Why businesses don’t sell

It would be great to live in a world that every business for sale was sold at top dollars. There are many problems that can prevent a business from being sold. However, it is impossible to have a perfect business. Here are ten reasons that can lead to a failed sale or a deal being closed for less than its potential value.

The business intermediaries must be open with sellers clients and educate them about the potential challenges they face, as well as the possible impact on closing a successful transaction.

1. UNREALISTIC EXPECTATIONS

a. Valuation/Listing price:

The price at which a business is listed is perhaps the most important factor in a sale. A seller’s emotional attachment to the business and a business intermediary who is inexperienced can lead to disaster. Knowledgeable buyers will be discouraged from communicating with a business if it is overpriced. It will also be very difficult to argue the value of a business if it is priced too high. The result is that listing will be lost in the marketplace, and it becomes harder to recover. After being on the marketplace for several months at the wrong price, the process of re-pricing or re-listing presents new challenges. The least of these is maintaining credibility.

b. Unrealistic Terms and/or Structure

It is important to address tax management, asset allocation, and deal structure early on in the process. Both the Seller and the Buyer often place too much emphasis on the sale price, at the expense or the ‘net after tax results’ of a business transaction. A skilled Tax Attorney/CPA can help a seller structure a transaction to achieve greater economic benefits. There are many other issues that can be problematic in addition to structuring the transaction.

  • Seller is rigid about closing cash and inflexible when it comes to negotiating other terms.
  • A buyer’s inability to sign a personal warranty
  • There is no consensus about the Asset Allocation
  • Seller insists on selling stock only (typically with C-Corp).
  • Unable to negotiate equity seller financing, an earnout, or terms of the non-compete

2. PROFESSIONAL ADVISORS

A business owner needs to have the right team in place to ensure a smooth sale. A skilled mergers and acquisitions intermediary will play the key role. This includes everything from the business valuation to the negotiation of terms, conditions, price, and the sale. An M&A advisor is not enough.
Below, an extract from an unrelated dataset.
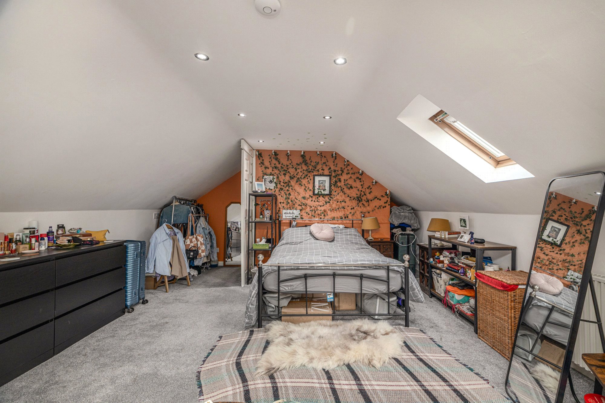 - Large lounge – highlighted by dual Velux windows, sliding door access to rear garden

A business attorney who specializes on business transactions is crucial. Again, it is important to find a business attorney who specializes in business transaction. Anyone who has worked in the business for over a year can point out a transaction that failed due to the inability of the chosen lawyer to handle business transactions. A competent CPA, who is skilled in structuring business transactions, will also be a key role. Although the current tax and legal advisors of a business owner may be able to assist with the sale of their business, they should not have any experience with mergers or acquisitions. Sometimes, an offer is only accepted once. It is important to not attempt to close a deal that is too expensive or impossible.

3. INCREASING PROFITS/REVENUES

Most buyers want profitable businesses that have year-over-year increases in revenue and profits. A business with a poor track record, with inconsistent results, or declining revenues and profits, is more likely to be sold. It will not only impact third-party funding availability but also have an impact on the business’s valuation. Buyers traditionally buy businesses based upon future performance. Instead, they value the business based on its past earnings with a primary focus on the 12 to 36 months. Businesses with declining financials will be considered.

Leave a Reply

Your email address will not be published.